Friday, November 2, 2012

Occupy is the Latest Generation (Know your history)

Click here to access article by Mickey Z. from World News Trust

Along with Mickey Z. and many others I have a strong hunch that the current lull in radical political activity has a lot to do with the false history which the historians and ideologues employed by the One Percent continue to propagate. In spite of the huge growth in profits and the concentration of wealth by the One Percent and the stagnation, if not decline, of wages and benefits for the 99 Percent and the continued sinking into the quicksand of debt, there is a persistent belief among many of the latter that things will return to a mythical past if only they work and try harder.
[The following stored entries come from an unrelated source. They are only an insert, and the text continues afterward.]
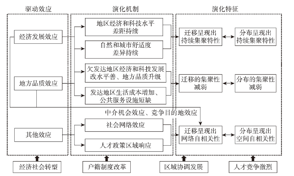 | 图2 2000—2015年间高技能人才迁移的时空演化机制 |
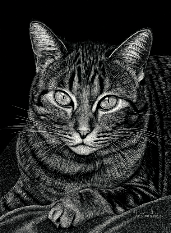 Portrait of a common type of cat used for a promotional piece for a pet show called the Chicago Pet Show. I shall call it Kitty. Done on scratch board with exacto knife. Completed 4/2015. Size 8 1/2" x 11"
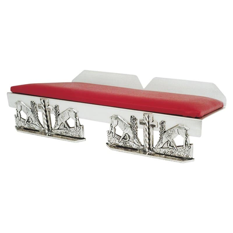 Brass missal stands with castings of deers drinking at a spring.

This strategy employed by the One Percent to distort our memory about history acts to dis-empower us. Mickey Z. implores us to know our true history.
A society purposefully and relentlessly conditioned by corporate propaganda is a society quite receptive to the alluring appeal of the “good old days” (GOD). Like all myths, the mere existence of the GOD illusion makes other myths easier to swallow.
If the GOD invention is accepted as accurate, the wars fought, the businesses started and subsidized, the legislation passed, the culture created, and the leaders elected during the GOD get a free ride on their coattails. We become a nation of people gazing backward for innocence lost rather than looking ahead with lessons learned.